The gTLD will be perceived as part of an Internet address, and typically does not add source-identifying significance to the composite mark. In re 1800Mattress.com IP LLC, 586 F.3d 1359, 92 USPQ2d 1682 (Fed. Cir. 2009) (MATTRESS.COM generic for “online retail store services in the field of mattresses, beds, and bedding”); In re Hotels.com, L.P., 573 F.3d 1300, 91 USPQ2d 1532 (Fed. Cir. 2009) (HOTELS.COM generic for “providing information for others about temporary lodging; travel agency services, namely, making reservations and bookings for temporary lodging for others by means of telephone and the global computer network”); In re Reed Elsevier Props. Inc., 482 F.3d 1376, 82 USPQ2d 1378 (Fed. Cir. 2007) (LAWYERS.COM generic for “providing access to an online interactive database featuring information exchange in the fields of law, lawyers, legal news, and legal services”); In re Oppedahl & Larson LLP, 373 F.3d 1171, 71 USPQ2d 1370 (Fed. Cir. 2004) (PATENTS.COM merely descriptive of “computer software for managing a database of records and for tracking the status of the records by means of the Internet”); In re DNI Holdings Ltd., 77 USPQ2d 1435 (TTAB 2005) (SPORTSBETTING.COM generic for “provision of casino games on and through a global computer network wherein there are no actual monetary wagers; provision of contests and sweepstakes on and through a global computer network; providing a web site on and through a global computer network featuring information in the fields of gaming, athletic competition and entertainment”); In re Eddie Z’s Blinds and Drapery, Inc., 74 USPQ2d 1037 (TTAB 2005) (BLINDSANDDRAPERY.COM generic for retail store services featuring blinds, draperies, and other wall coverings, sold via the Internet); In re Microsoft Corp., 68 USPQ2d 1195 (TTAB 2003) (OFFICE.NET merely descriptive of various computer software and hardware products); In re CyberFinancial.Net, Inc., 65 USPQ2d 1789 (TTAB 2002) (BONDS.COM generic for providing information regarding financial products and services and electronic commerce services rendered via the Internet); In re Martin Container, Inc., 65 USPQ2d 1058 (TTAB 2002) (CONTAINER.COM generic for “retail store services and retail services offered via telephone featuring metal shipping containers” and “rental of metal shipping containers”).

However, there is no bright-line, per se rule that the addition of a non-source-identifying gTLD to an otherwise descriptive mark will never under any circumstances operate to create a registrable mark. The Federal Circuit has cautioned that in rare, exceptional circumstances, a term that is not distinctive by itself may acquire some additional meaning from the addition of a gTLD such as “.com” or “.net.” In re Steelbuilding.com, 415 F.3d 1293, 1297, 75 USPQ2d 1420, 1422 (Fed. Cir. 2005) (STEELBUILDING.COM highly descriptive, but not generic, for “computerized on-line retail services in the field of pre-engineered metal buildings and roofing systems,” noting that “the addition of the TLD can show Internet-related distinctiveness, intimating some ‘Internet feature’ of the item.”) (citing Oppedahl & Larson, 373 F.3d at 1175-1176, 71 USPQ2d at 1373).

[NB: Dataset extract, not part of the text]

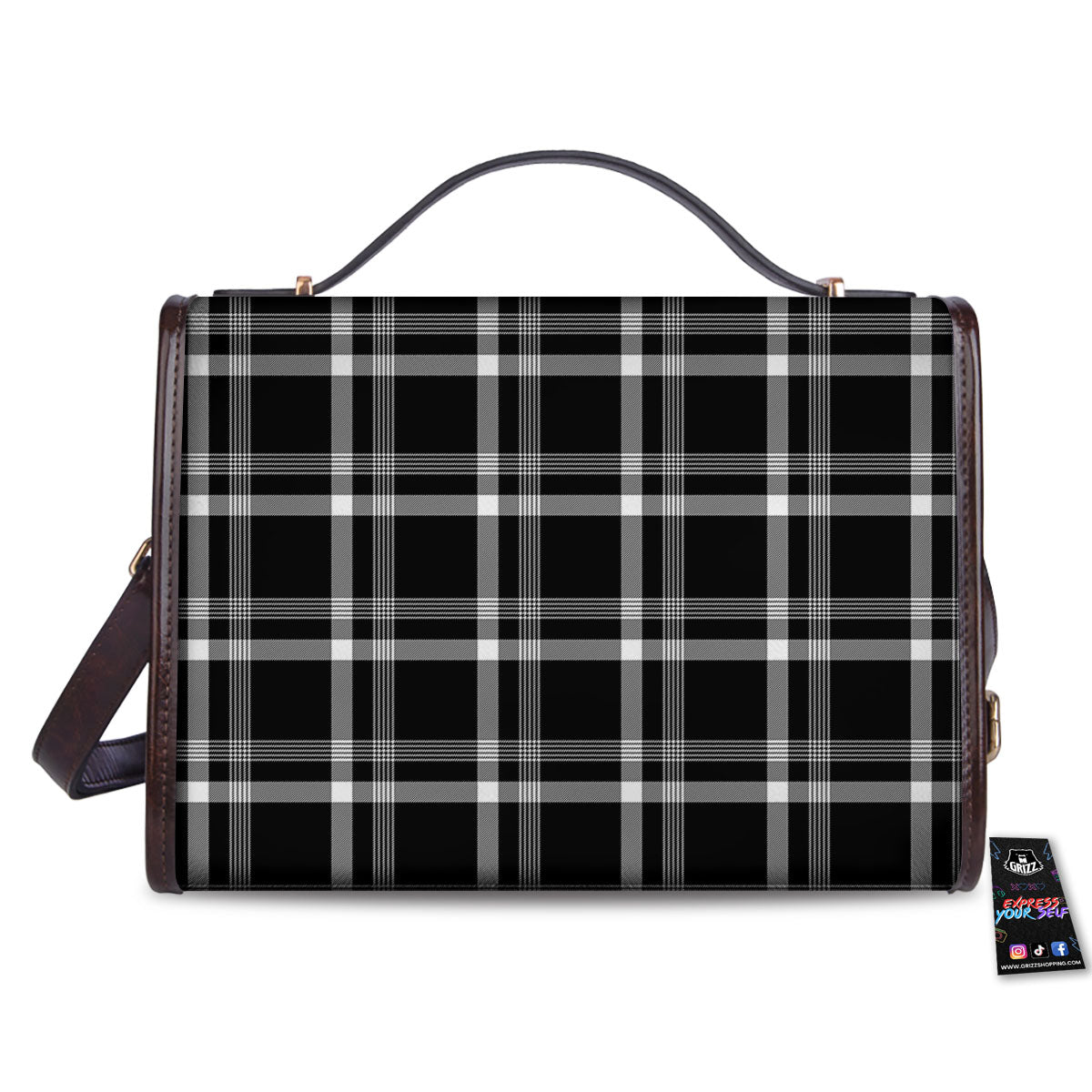 Tartan White And Black Print Pattern Women’s Satchel Bag

Thus, when examining domain name marks, it is important to evaluate the commercial impression of the mark as a whole to determine whether the composite mark conveys any distinctive source-identifying impression apart from its individual components. The examining attorney must introduce evidence as to the significance of the individual components, including the gTLD, but must also consider the significance of the composite term (e.g., “Sportsbetting” in the mark SPORTSBETTING.COM) to determine whether the addition of the TLD has resulted in a mark that conveys a source-identifying impression.